We know for instance, with a statistically meaningful sample, that a certain percentage of the population dies or has a car accident each year. They follow near perfect gaussian distributions, and therefor are risks. You can price them appropriately and a private insurance take care of them.
From a mathematical standpoint, an insurance company's usefulness begins and ends here: guaussian distribution, large enough sample. This can be priced; nothing else can. Collecting an insurance coupon for anything else is gambling, leeching, or both -- and on the tax payer's back, more often than not.
Earthquakes or stock market moves, for instance, follow power laws, and therefor are unknowns. You cannot price them appropriately and a private insurance cannot credibly take them. When it does, you end up with lavish profits and dividends in good years (heads, I win), and State emergencies / AIGs in bad years (tails, you lose).
Health follows a power law too (diseases are contagious, health degrades with health issues) with the added twist of certainties (e.g., the majority of one's health care costs are concentrated in the last few years of one's life). These are unknowns and certainties, not risks. As such, they cannot be priced appropriately from an insurance's standpoint. For healthy people, the best an insurance can do is gamble (heads, I win); for the elderly or chronic diseases, it needs to price (or refuse to "insure") the inevitable (tails, you lose).

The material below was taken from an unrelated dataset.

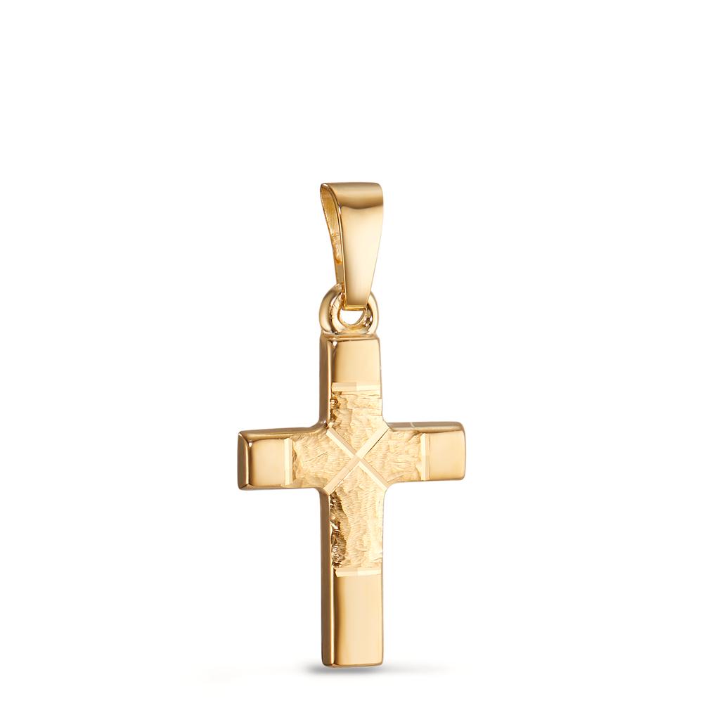 Eleganter Anhänger aus 375er Gelbgold in Kreuzform. Die Mischung aus polierten und strukturierten Flächen verleiht dem Schmuckstück einen besonderen Charme. Perfekt als zeitloses Accessoire oder Geschenk mit symbolischer Bedeutung. Hochwertige Verarbeitung garantiert.

Yet other things, such as space flight accidents, might arguably follow gaussian distributions. They could be insured in theory -- if gaussian indeed. In practice however, the sample is too small to know the precise risk. Until it's larger, this risk cannot be adequately priced. And the best a private insurance can do is gamble. The insurance might over-price the risk and over-provision for catastrophes (heads, I win, tails, you win; yay!). It might also under-price the risk and distribute lavish dividends (heads, I win) and go bust when a space ship crashes into a nuclear power plant (tails, you lose). It simply lacks the data to take the appropriate decision; it's an unknow.
So the real question is: is the tax payer comfortable with someone winning on heads, without knowing if he'll win or lose on tails?